Introduction. The study is devoted to the problem of functional asymmetry of neural networks and their transformation from static closed loop testing (Closed loop system) to dynamic stress-test (Dynamic stress-test).
Purpose. In young men aged 16-17, we sought to provide evidence of the presence of functional asymmetry of neural networks in a dynamic test with gradually increasing speed of presentation of signals and reactions with the left (goL) and right (goR) hands, as well as a no-go signal.

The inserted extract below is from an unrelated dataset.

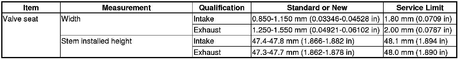Valve Seat Specification(s)
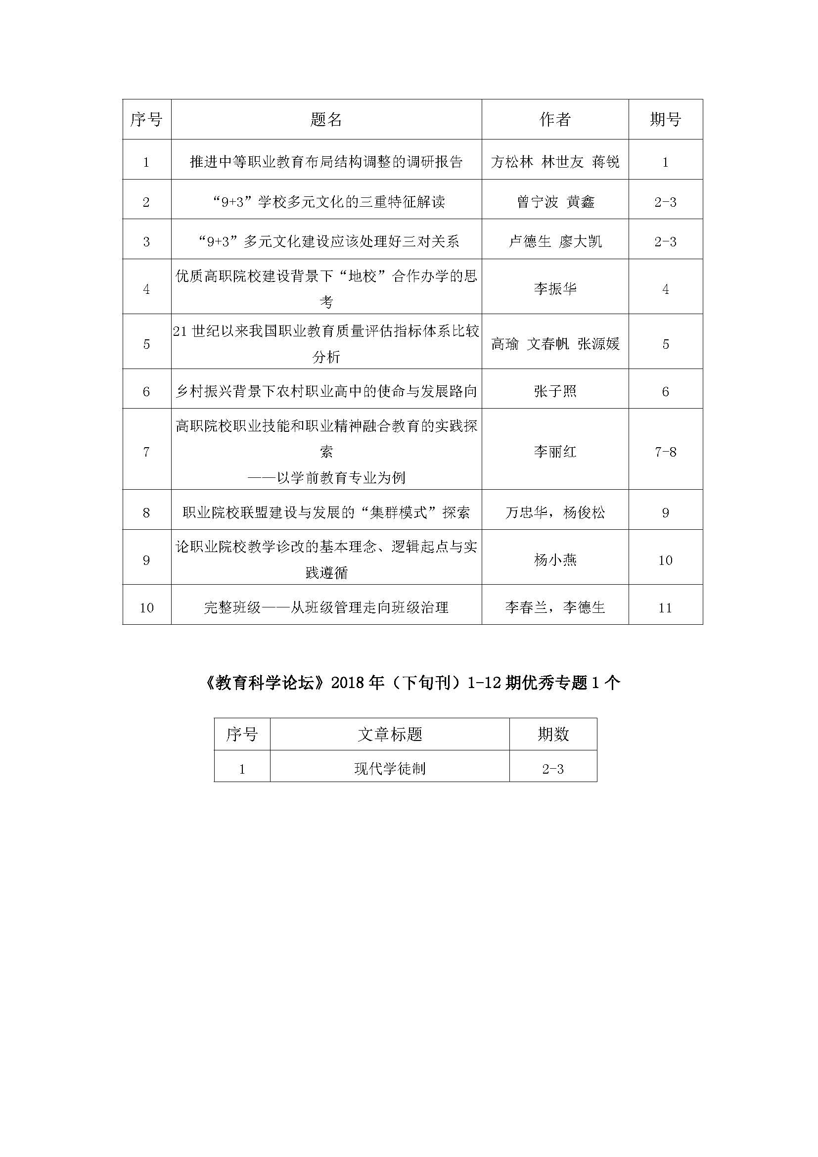 您的位置: 首页 >工作动态>新闻动态>详细内容 新闻动态 2018年《教育科学论坛》人大书报资料中心复印和年度优秀文章汇总 来源: 发布时间:2019-01-03 15:45:20 浏览次数: 次 【字体:小 大】 截至2018年12月31日,《教育科学论坛》2018年文章被人大书报资料中心共计全文复印41篇(已收到样刊35篇),索引105篇。编辑部聘请专家团队评选出年度优秀文章60篇,优秀专题6个。名单如下: 分享到: 【打印正文】

Methods. The study was conducted on 45 young men aged 16-17 using the computer system "Diagnost-1M".
Results. It was proven that the functional asymmetry of neural networks, as well as the temporal characteristics of differentiation in the goL/no-go/goR paradigm, depend on the modality (figurative or verbal) of signals and the speed of their presentation. In 16-17 year old boys, the speed of performing the goL/no-go/goR task was higher for figurative than for verbal signals. For verbal signals, a statistically significant predominance of left-hemisphere functional asymmetry was found only at speeds of 30 and 60 signals/min, while for figurative signals such asymmetry of neural networks was absent. When the task speed was increased to 90 and 120 signals/min for figurative and verbal signals, the asymmetry of neural networks was also absent.
Conclusions. The study provides additional information regarding the asymmetry of neural networks underlying the processes of excitation and inhibition. The question of the participation of different information processing mechanisms in the go/no-go/go mode is discussed.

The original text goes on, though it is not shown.